── Dataset records ──

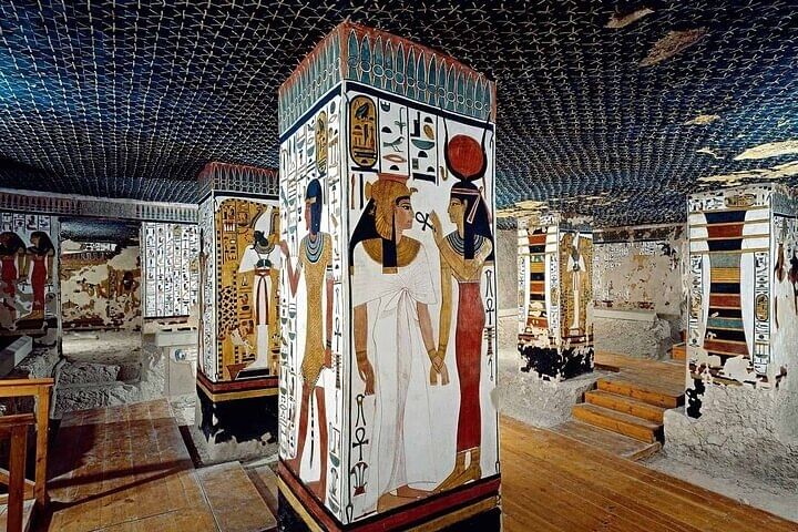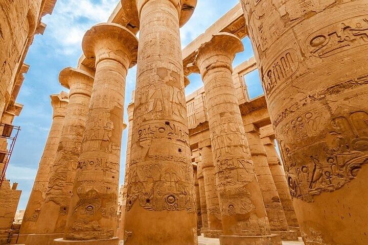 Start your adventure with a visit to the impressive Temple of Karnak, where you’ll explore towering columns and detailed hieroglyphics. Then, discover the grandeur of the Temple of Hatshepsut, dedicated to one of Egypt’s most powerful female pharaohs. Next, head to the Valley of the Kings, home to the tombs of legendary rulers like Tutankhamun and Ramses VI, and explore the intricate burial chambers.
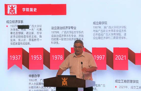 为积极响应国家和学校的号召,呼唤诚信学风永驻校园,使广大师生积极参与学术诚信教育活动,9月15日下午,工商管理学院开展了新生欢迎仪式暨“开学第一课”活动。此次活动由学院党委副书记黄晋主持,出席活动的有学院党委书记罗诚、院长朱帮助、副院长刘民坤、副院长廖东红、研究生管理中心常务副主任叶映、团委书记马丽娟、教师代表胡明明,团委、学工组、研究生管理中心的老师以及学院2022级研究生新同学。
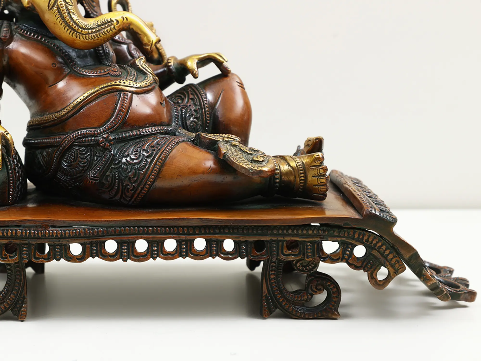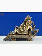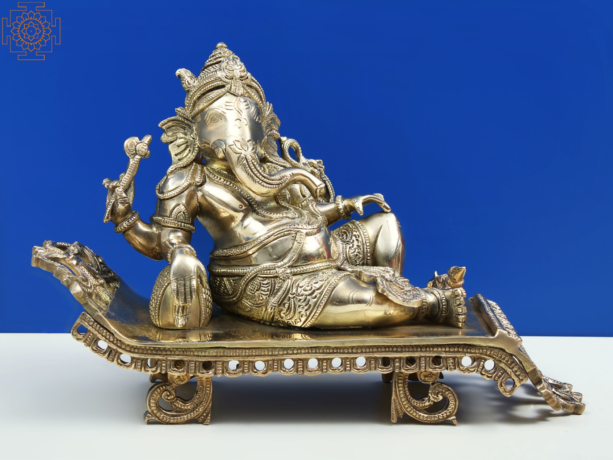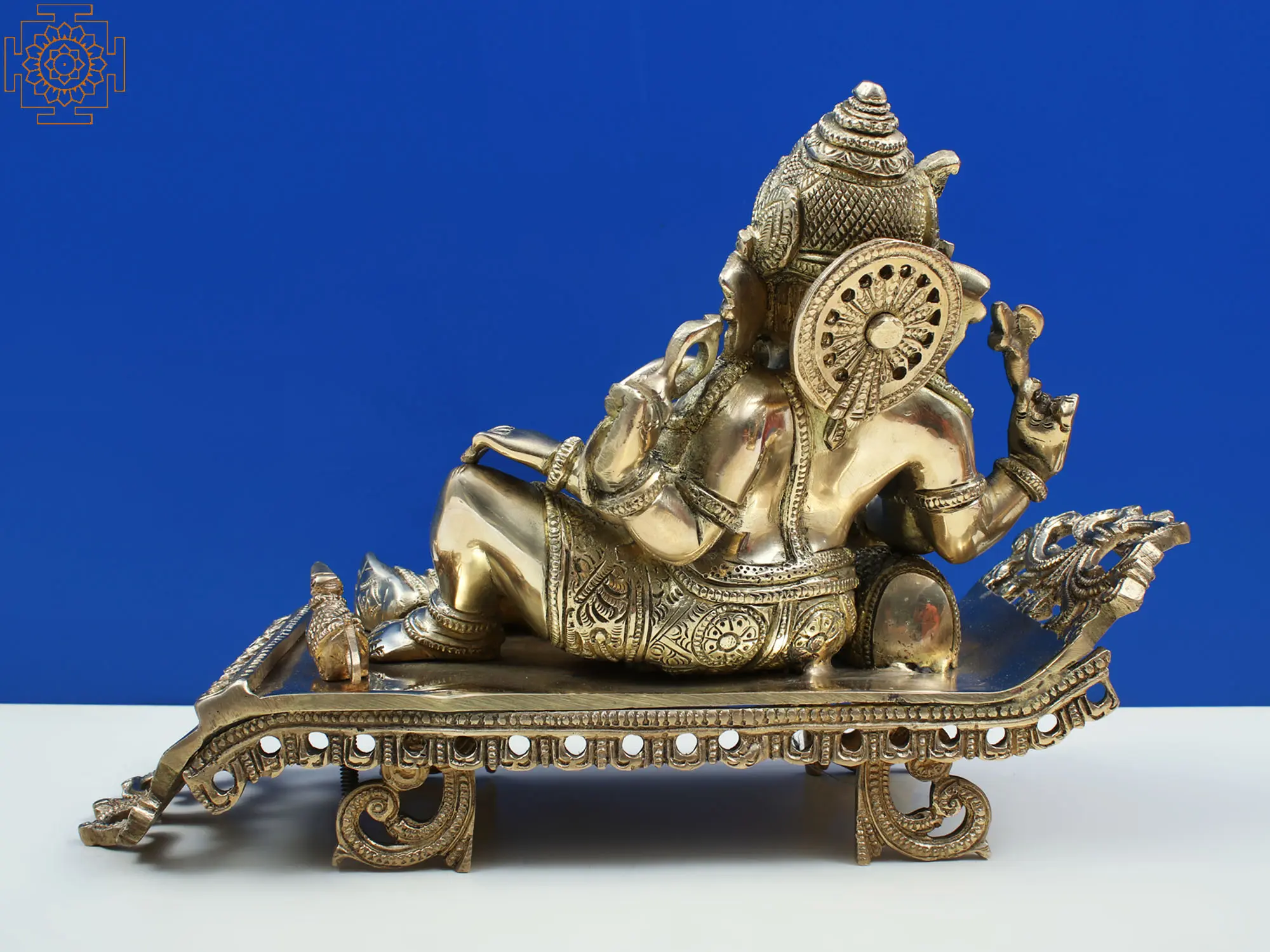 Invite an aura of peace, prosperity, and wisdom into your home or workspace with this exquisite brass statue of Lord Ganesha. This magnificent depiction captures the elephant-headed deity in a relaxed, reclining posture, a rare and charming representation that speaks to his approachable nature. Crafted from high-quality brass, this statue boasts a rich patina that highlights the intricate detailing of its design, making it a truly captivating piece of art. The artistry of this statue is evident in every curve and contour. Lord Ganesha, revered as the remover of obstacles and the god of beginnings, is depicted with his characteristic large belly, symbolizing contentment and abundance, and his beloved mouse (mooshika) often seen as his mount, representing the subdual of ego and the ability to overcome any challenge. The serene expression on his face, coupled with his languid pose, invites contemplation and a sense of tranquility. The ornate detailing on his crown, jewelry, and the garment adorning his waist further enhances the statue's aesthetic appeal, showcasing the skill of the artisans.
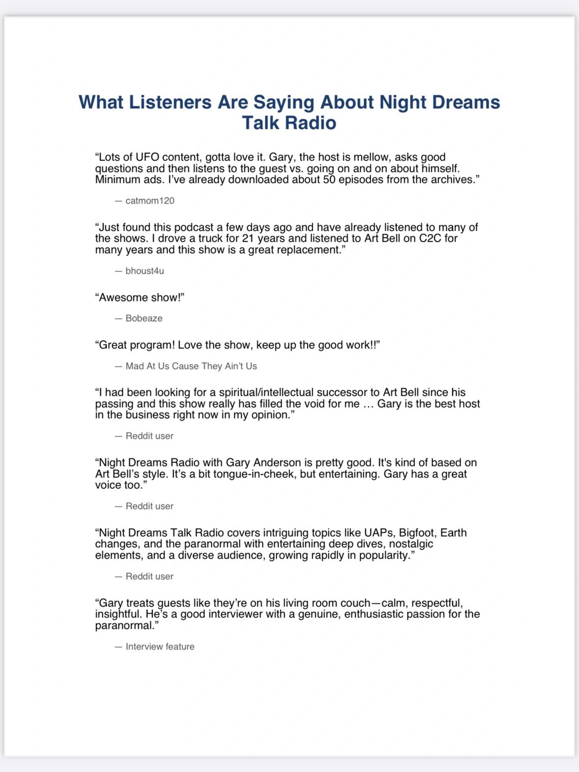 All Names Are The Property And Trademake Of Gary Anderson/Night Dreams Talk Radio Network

───
── Dataset records ──

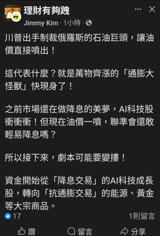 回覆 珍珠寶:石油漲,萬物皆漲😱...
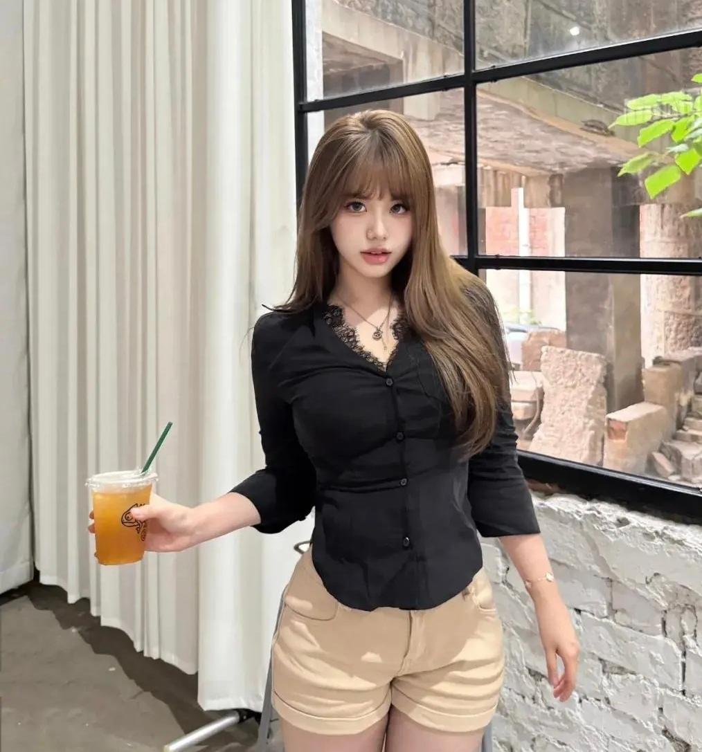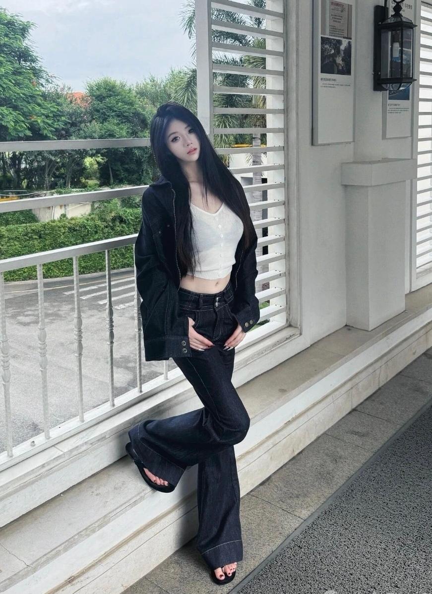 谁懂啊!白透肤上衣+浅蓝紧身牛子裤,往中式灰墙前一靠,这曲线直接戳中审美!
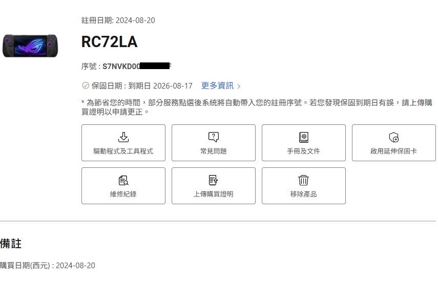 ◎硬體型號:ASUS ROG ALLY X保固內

───
── Dataset records ──

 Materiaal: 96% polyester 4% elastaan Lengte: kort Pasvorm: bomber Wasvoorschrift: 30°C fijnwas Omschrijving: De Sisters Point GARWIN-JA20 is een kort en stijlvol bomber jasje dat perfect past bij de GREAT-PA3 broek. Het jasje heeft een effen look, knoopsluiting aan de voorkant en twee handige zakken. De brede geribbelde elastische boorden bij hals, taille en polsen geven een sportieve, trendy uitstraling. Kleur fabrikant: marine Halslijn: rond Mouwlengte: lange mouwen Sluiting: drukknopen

───

In the records above, find the line with "谁懂啊!白透肤上衣+浅蓝紧身牛子裤,往中式灰墙前一靠,这曲线直接戳中审美!" and the line with "ROG ALLY X保固內", then restate word for word only those two lines and all lines between, omitting pictures.

**Task result:**
 谁懂啊!白透肤上衣+浅蓝紧身牛子裤,往中式灰墙前一靠,这曲线直接戳中审美!
 ◎硬體型號:ASUS ROG ALLY X保固內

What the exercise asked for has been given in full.